Throughout my life span, the greatest attribute to my character has always been my laugh. It is one of contagiousness. No matter what mood one is in, the second I give off a chuckle, it always tends to make others giggle in response. Who would have known, that the thing I am best known for and brings so much joy to others, would soon bring me harm.

While on a trip to Universal Studios, I sat with a group of friends at a restaurant waiting until they would call us back to the bus to head our journey back home. As we entertained each other with talk and humor, one of my friends said something that made the whole table laugh profusely. As we eventually settled down, I realized that my right hand was shaking uncontrollably. Though my friends thought it was a joke, they soon came to the realization that it was a really serious matter. The trembling that started in my hand, soon spread throughout my entire body. No one knew what to do. They quickly rushed me to the bus to lie down, as I was unable to stand up caused by the shaking in my legs. Many of the spectators believed I was having some form of seizure.

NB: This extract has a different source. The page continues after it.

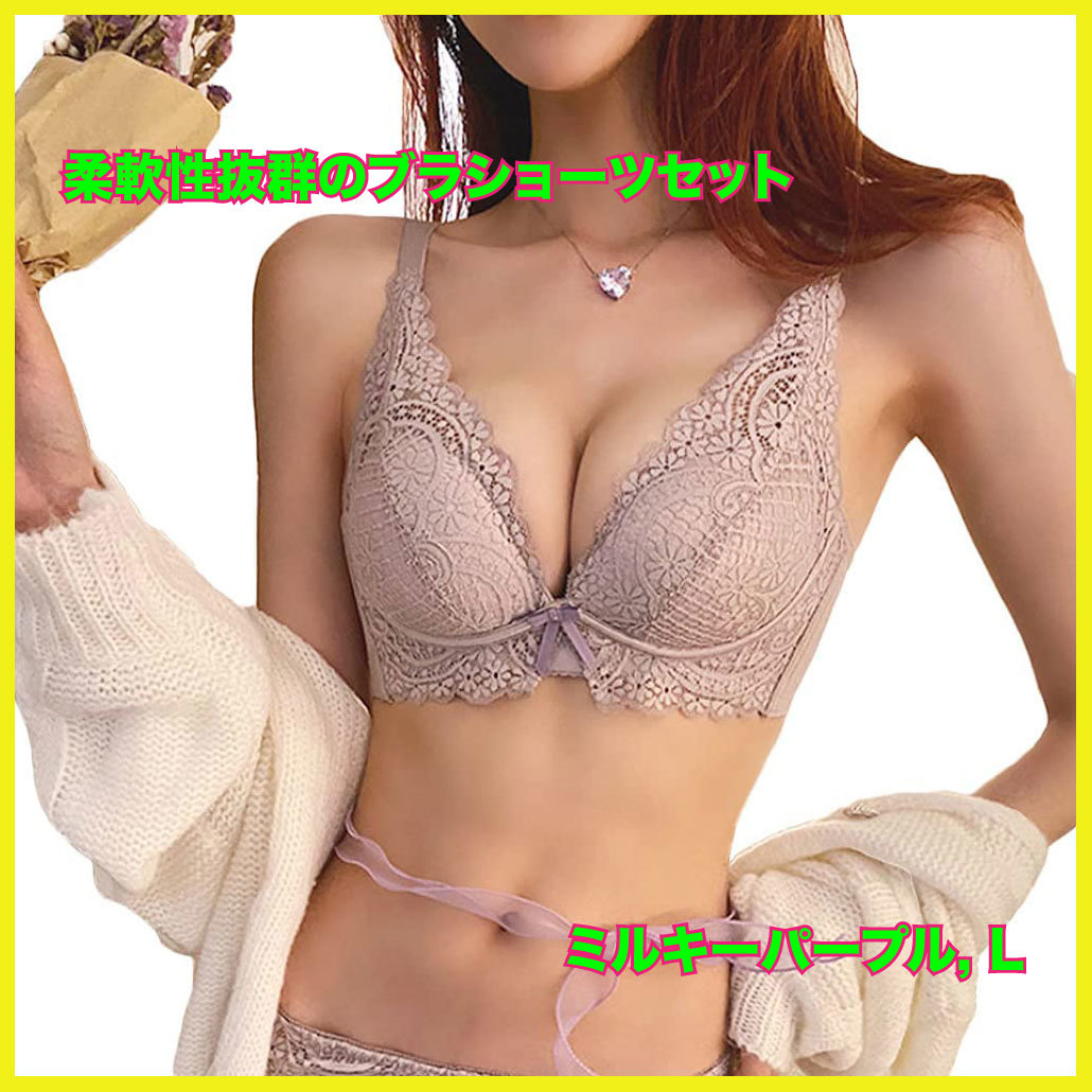 > ブラジャー ショーツセット 超盛りブラ・バストアップ美胸・脇高設計 ノンワイヤーブラ 補正ブラ (ミルキーパープル, L(A80,B80,C80対応))

As I was able to talk and retained consciousness, the supervisors quickly loaded everyone back onto the bus and rushed me back home.

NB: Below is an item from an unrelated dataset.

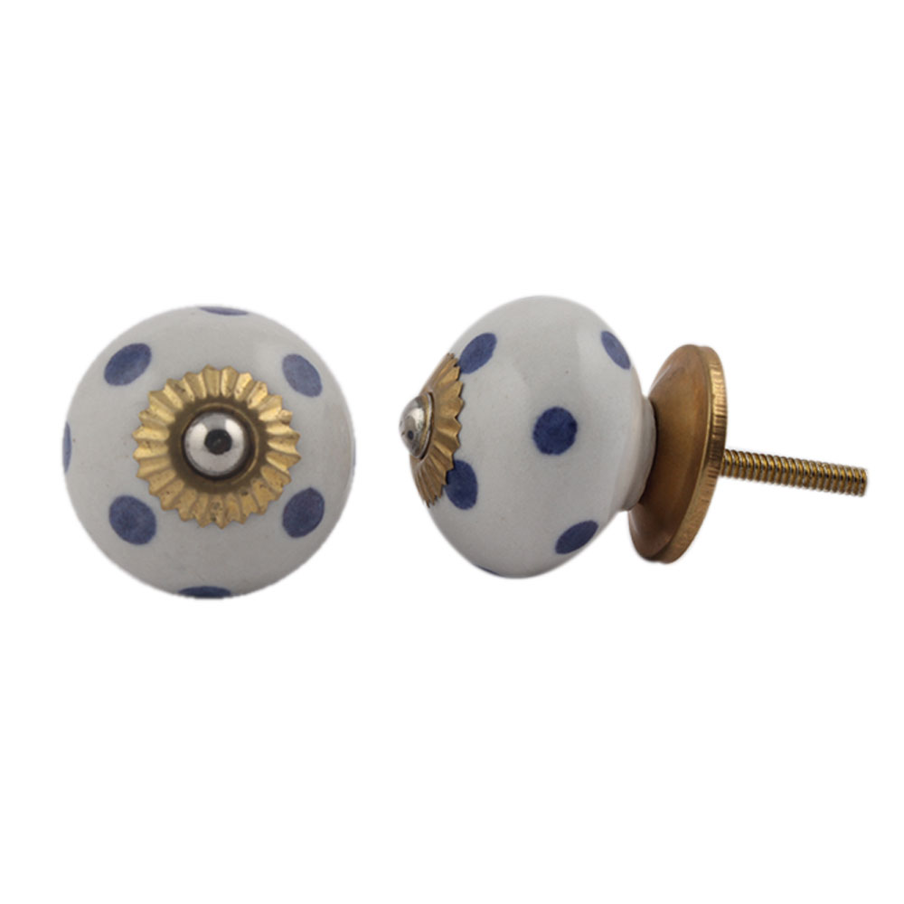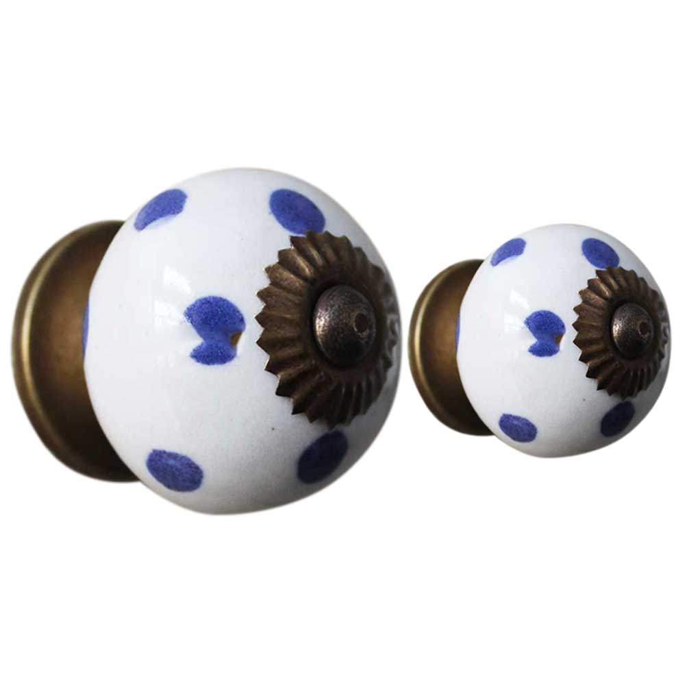 White Royal Blue Polka Dot Ceramic Drawer Knob

Throughout the next few weeks, my family took me to numerous different doctors to have countless tests done to figure out why I was still shaking. No one had an answer for me, considering everything came back normal. The only thing doctors could do was label this condition as some form of active tremor. For the next two months, I was unable to do practically anything, especially schoolwork. I had to have my family write everything out for me. What took another student a half hour to complete, took me two hours.

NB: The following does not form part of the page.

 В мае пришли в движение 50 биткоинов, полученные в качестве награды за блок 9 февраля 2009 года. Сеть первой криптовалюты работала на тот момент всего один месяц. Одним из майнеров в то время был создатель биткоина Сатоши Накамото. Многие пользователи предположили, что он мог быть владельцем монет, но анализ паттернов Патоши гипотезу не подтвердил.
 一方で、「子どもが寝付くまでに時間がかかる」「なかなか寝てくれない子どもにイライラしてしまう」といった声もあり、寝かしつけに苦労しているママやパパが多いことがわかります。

Five months after the original starting date of these intense tremors, it settled down enough to where I would shake only when I was active. However, these activities could be something as simple as writing or even laughing a little bit. This condition hindered my daily activities immensely. A full year later, my shaking stopped. The doctors did not heal me, and it definitely was not any medication they put me on. It was the power of God that healed me.

Although this was a horrible experience to go through, I am grateful that I had to endure this. Through this experience, I learned how to have perseverance more than anyone I know. I gained strength to accomplish any task at hand. I am now able to encourage others through the worst times and understand at least a little bit of what they are going through. Most importantly, it showed that even through hard times, I am able to manage my time while keeping good enough grades to be in the top five percent of my class.

EF_Sean 6 / 3459  
Aug 21, 2009   #2
Not bad for a first draft. I'd focus more on showing your emotional response to the experience and on showing how and what you learned from it. You state what you learned in the last paragraph, but simply telling isn't very interesting, and it seems tacked on anyway. Actually showing what you learned through narrative description is the way to go here.
EF_Simone 2 / 1974  
Aug 21, 2009   #3
I agree with Sean. The essay starts strong, with the story, but ends weakly.

more than anyone I know.

This comparison is not needed and may possibly be perceived as arrogant. Of course, you do not know the difficulties through which people in your life have themselves persevered.
Liebe 1 / 524  
Aug 21, 2009   #4
No matter what mood one is in, the second I give off a chuckle, it always tends to make others giggle in response.

^If it is a case of 'no matter what mood one is in', then it should not be a 'tend'. It either does or does not.

In your second paragraph, your usage of the word 'they' is ambivalent in certain parts. Also certain clauses need to be separated with a comma rather than a full stop.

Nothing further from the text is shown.